El pequeño y modesto convento que parecía agazapado en el frondoso bosque de Compiegne, rodeando al castillo, no tenía nada que ver con el esplendor y la pompa de la corte real, entregada a la francachela y a las diversiones a costa de un país explotado. Solamente de lejos oían las monjas, quienes trabajaban y rezaban detrás de las rejas de su rigurosa clausura, el sonido de las trompas de caza y las voces del placer desenfrenado de las rondas; pero, a pesar de eso, ellas fueron arrastradas en la caída de aquella corte, como si hubieran sido cómplices de sus violaciones.

En el mes de agosto del año de 1790, aparecieron por primera vez en el portón del convento los hombres de la Revolución; entraron a la fuerza y pidieron a las monjas, asustadas, en el nombre de los "derechos humanos", que abandonaran aquella "tumba de su libertad", porque afuera las llamaba el mundo. Pero ninguna de ellas abandonó la clausura.

Dos años después, golpearon de nuevo las culatas de fusil contra la puerta. A viva fuerza se echó a las carmelitas a la calle y se declaró su convento propiedad de la nación. Privadas de la bendición de la Comunidad, encontraron refugio en casas de familias que todavía no habían quitado el crucifijo de la pared.

Mientras tanto en el cercano París bailaba la plebe alrededor del patíbulo y cantaba el impetuoso estribillo de la Marsellesa, al ritmo del cuchillo que caía. El rey y la reina, condes y sacerdotes, culpables e inocentes, fueron llevados por cientos a la guillotina. Viendo esta mi-seria, tomó una decisión heroica la superiora de las monjas sin convento y ofreció a Dios su propia vida en sacrificio, si él devolvía la paz a la Iglesia de Francia. Ella formuló un acto de consagración por escrito, como un contrato con el Padre todopoderoso y todas sus hijas lo firmaron.
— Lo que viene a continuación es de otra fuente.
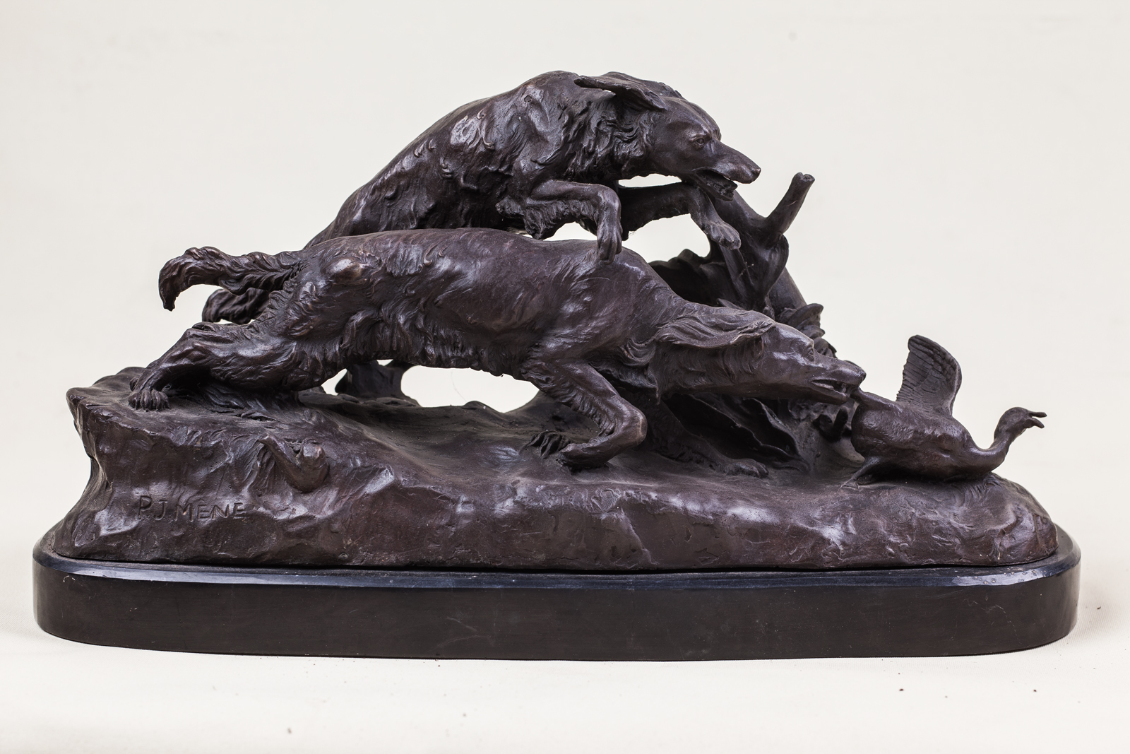 wymiary: 220mm - 420mm - 160mmBrąz patynowany na podstawie z granitu, sygnowany u dołu: "P.J. Mene". Stan zachowania bardzo dobry.

Dios aceptó su sacrificio. El 22 de junio de 1794 fueron arrestadas y el 13 de julio fueron llevadas a la prisión de París para los reos de estado. A pesar de su debilidad, por un viaje de tres días con las manos amarradas, no estaban por ningún motivo desanimadas. Los muros que nada más habían escuchado maldiciones y gritos hasta entonces, se estremecieron con sus cánticos religiosos. Cuatro días después se reunió la corte de justicia, que condenó a muerte a las dieciséis carmelitas.

Apenas tuvieron tiempo de decir las oraciones para prepararse a bien morir, cuando se oyó en el patio el traqueteo de la carreta que las conduciría al cadalso. Viajaron hasta la barrera de Vincennes, donde esperaba el patíbulo. Más de una hora duró el viaje, porque la plebe marchaba junto a ellas. De repente cesaron las carcajadas y los gritos. Desde la carreta se escuchaba una voz, que se elevaba hacia el cielo, clara y poderosa por encima de las otras. "Salve Regina" Las condenadas a muerte cantaban, cantaban sus cánticos cotidianos del convento, como si estuvieran todavía en casa, en el pequeño claustro junto al parque de Compiegne, despreocupadas por la cercana fatalidad. Ante tal valor, hasta la escoria de las callejuelas de los suburbios, tuvo respeto. En profundo silencio pudieron terminar de cantar su oración las monjas, el Miserere, el Te Deum. Ya para entonces habían llegado al lugar del suplicio. Una monja tras otra se arrodillaba por última vez ante la priora, le pedía su bendición y subía después, sin titubear, las escaleras del patíbulo, mientras que las otras entonaban el "Veni creator" hasta que, en último lugar, la priora ponía la cabeza sobre el tronco, bajo la cuchilla.

Dios no defraudó la confianza de aquellas almas magnánimas, dispuestas al sacrificio. Por la noche del 17 de julio de 1794 ya habían muerto, la más joven de veintitrés años, la mayor de ochenta. Pero todavía no había terminado el mes, cuando cayó también la cabeza de Robespierre. Con él terminó el régimen de terror de los jacobinos. Pío X beatificó solemnemente a las carmelitas de Compiegne; su conmemoración se celebra el 24 de julio.